Alphonse Boudard (17 December 1925 - 14 January 2000) was a French novelist and playwright. He won the 1977 Prix Renaudot for Les Combattants du petit bonheur. Boudard's 1995 novel Dying childhood was awarded and recognised by the French Academy with a Grand Prix du roman de l'Académie française.

==Biography==
Boudard was born on 17 December 1925 in the 13th arrondissement of Paris to a 17-year-old mother. He was brought up first by an adoptive family in the Loiret region of the centre of France, then by his grandmother in the south of Paris. Boudard had a late career.
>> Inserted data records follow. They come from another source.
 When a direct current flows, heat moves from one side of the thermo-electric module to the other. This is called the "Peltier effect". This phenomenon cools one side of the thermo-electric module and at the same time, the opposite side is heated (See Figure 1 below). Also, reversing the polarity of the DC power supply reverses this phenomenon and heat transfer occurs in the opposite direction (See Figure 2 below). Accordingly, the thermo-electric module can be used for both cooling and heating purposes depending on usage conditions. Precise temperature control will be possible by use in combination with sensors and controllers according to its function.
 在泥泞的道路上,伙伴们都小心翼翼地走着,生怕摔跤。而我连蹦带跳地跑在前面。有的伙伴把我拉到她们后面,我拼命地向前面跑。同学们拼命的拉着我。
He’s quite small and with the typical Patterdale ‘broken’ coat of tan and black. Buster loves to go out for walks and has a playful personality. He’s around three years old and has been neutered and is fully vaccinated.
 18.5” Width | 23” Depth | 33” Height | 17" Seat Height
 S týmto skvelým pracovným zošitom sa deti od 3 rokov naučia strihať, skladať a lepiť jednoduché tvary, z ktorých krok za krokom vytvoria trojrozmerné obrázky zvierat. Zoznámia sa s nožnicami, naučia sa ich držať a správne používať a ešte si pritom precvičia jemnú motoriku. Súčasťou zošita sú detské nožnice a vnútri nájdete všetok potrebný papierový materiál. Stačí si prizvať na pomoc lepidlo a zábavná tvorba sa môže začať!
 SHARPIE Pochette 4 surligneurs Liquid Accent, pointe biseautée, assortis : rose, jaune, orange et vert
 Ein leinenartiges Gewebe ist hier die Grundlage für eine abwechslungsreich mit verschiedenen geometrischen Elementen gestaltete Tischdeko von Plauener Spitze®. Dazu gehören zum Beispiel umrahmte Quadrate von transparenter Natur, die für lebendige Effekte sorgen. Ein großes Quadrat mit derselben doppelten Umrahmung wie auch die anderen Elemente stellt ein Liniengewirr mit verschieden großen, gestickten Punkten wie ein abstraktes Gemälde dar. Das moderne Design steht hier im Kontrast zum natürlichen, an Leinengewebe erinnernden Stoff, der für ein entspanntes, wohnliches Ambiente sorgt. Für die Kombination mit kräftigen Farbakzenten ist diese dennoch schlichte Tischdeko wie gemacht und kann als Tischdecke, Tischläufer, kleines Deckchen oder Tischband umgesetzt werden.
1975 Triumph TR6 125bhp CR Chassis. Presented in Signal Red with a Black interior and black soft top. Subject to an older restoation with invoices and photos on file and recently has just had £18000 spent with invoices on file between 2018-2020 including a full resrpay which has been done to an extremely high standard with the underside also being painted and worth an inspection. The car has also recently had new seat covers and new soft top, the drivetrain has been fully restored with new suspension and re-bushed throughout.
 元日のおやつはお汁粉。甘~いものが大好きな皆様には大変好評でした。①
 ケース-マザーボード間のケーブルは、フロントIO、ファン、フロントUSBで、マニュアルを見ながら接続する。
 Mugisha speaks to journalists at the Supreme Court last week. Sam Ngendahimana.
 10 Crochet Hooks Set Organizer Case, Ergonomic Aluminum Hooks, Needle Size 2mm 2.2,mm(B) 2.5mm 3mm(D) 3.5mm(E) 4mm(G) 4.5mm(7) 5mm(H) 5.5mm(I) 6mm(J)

As a teenager, he was living in a country occupied by the German Army. He was wounded fighting for the French and he was awarded a military medal. His early adult life was spent in casual work, periods in jail and in a sanatorium recovering from tuberculosis. He experimented with writing, but it was not until he was 33 that he decided to be a full-time writer. He credited the writer Albert Paraz with inspiring this move.

His novels are characterised by the colloquial terms and slang that Boudard used to describe life in the 1940s. His works are autobiographical and he used his periods in a sanatorium and in jail as a basis for his stories. His 1963 novel The Cherry and his 1972 story The Hospital are examples, as is his 1992 novel The Amazing Mr Joseph which tells the story of a French spy who becomes a millionaire dealing on the black market during World War II (based on the real career of Joseph Joanovici).

Many of Boudard novels were adapted for French films and television.

Boudard had a wife and two sons. He died in Nice on 14 January 2000.